- _Task prompt_: Would you please restate the data exactly as it stands, apart from the pictures?

- _Data extract_:
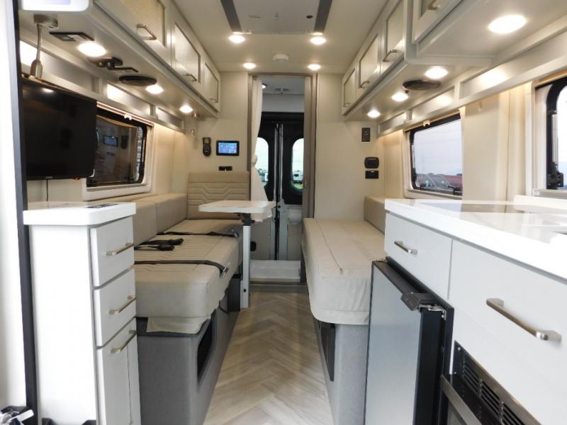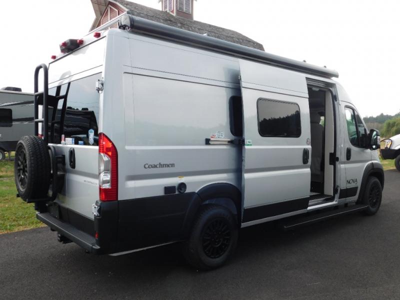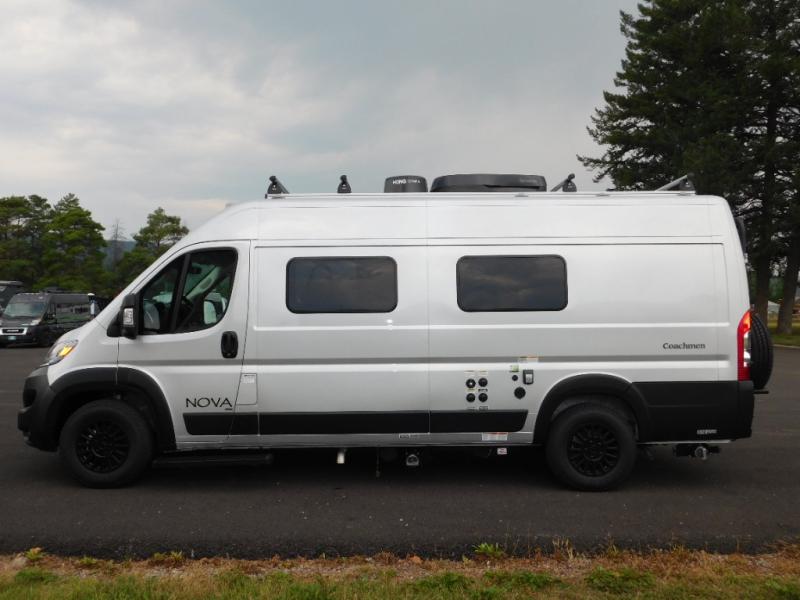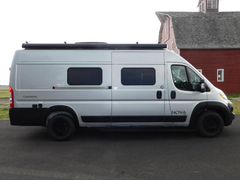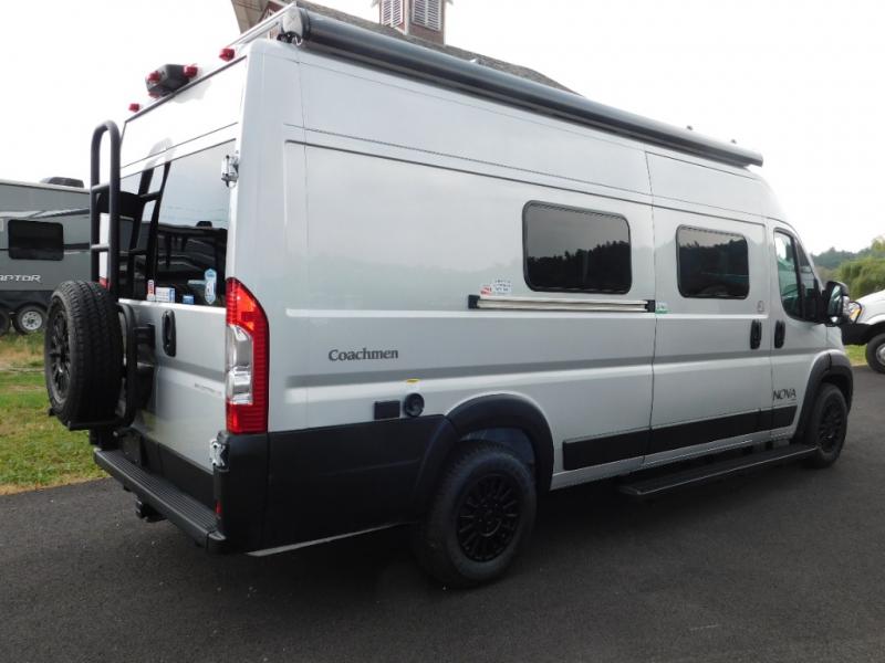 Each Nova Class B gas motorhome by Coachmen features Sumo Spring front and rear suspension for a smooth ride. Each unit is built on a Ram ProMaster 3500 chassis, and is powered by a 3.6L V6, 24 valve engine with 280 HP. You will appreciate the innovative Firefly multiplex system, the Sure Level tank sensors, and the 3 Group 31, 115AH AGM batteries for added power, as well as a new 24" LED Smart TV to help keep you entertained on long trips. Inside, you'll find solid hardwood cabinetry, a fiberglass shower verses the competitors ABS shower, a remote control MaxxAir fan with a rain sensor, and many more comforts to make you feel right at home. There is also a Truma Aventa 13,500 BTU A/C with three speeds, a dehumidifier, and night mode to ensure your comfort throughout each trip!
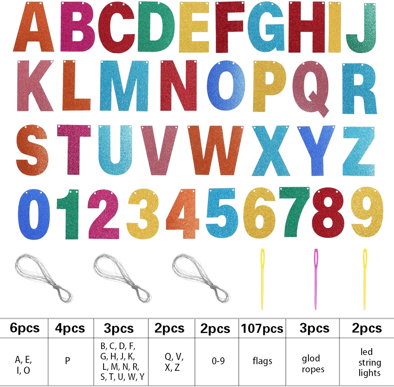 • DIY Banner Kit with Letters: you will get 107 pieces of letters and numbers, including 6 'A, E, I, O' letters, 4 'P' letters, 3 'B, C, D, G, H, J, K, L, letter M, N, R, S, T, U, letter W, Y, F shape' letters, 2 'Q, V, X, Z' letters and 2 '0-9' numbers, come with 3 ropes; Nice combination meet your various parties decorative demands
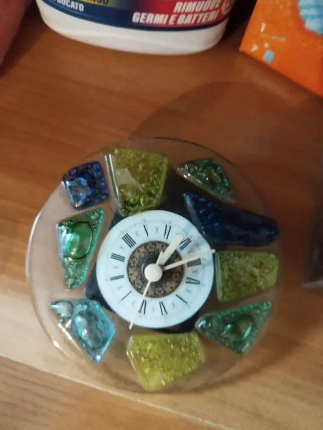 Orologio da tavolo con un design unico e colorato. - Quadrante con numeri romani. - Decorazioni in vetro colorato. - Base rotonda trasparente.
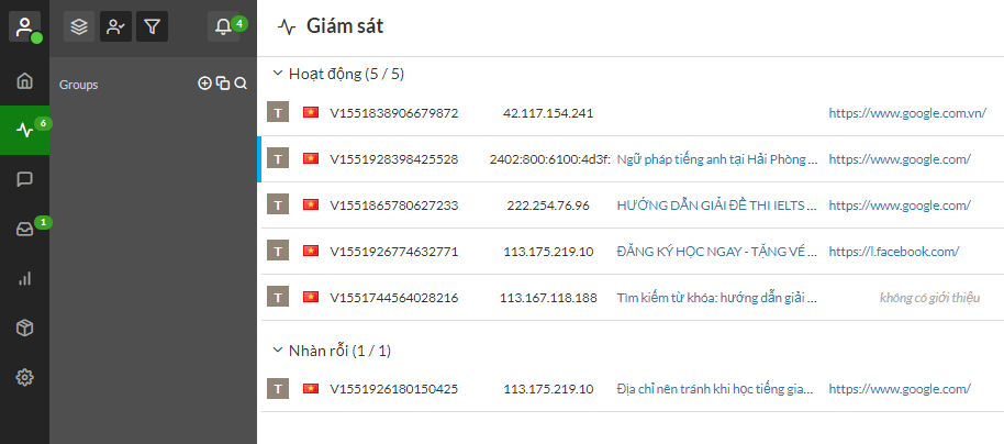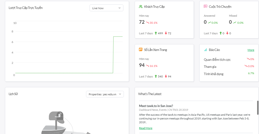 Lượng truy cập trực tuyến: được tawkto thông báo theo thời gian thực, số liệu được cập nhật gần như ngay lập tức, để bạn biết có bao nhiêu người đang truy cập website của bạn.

- _Response area_:
 Each Nova Class B gas motorhome by Coachmen features Sumo Spring front and rear suspension for a smooth ride. Each unit is built on a Ram ProMaster 3500 chassis, and is powered by a 3.6L V6, 24 valve engine with 280 HP. You will appreciate the innovative Firefly multiplex system, the Sure Level tank sensors, and the 3 Group 31, 115AH AGM batteries for added power, as well as a new 24" LED Smart TV to help keep you entertained on long trips. Inside, you'll find solid hardwood cabinetry, a fiberglass shower verses the competitors ABS shower, a remote control MaxxAir fan with a rain sensor, and many more comforts to make you feel right at home. There is also a Truma Aventa 13,500 BTU A/C with three speeds, a dehumidifier, and night mode to ensure your comfort throughout each trip!
 • DIY Banner Kit with Letters: you will get 107 pieces of letters and numbers, including 6 'A, E, I, O' letters, 4 'P' letters, 3 'B, C, D, G, H, J, K, L, letter M, N, R, S, T, U, letter W, Y, F shape' letters, 2 'Q, V, X, Z' letters and 2 '0-9' numbers, come with 3 ropes; Nice combination meet your various parties decorative demands
 Orologio da tavolo con un design unico e colorato. - Quadrante con numeri romani. - Decorazioni in vetro colorato. - Base rotonda trasparente.
 Lượng truy cập trực tuyến: được tawkto thông báo theo thời gian thực, số liệu được cập nhật gần như ngay lập tức, để bạn biết có bao nhiêu người đang truy cập website của bạn.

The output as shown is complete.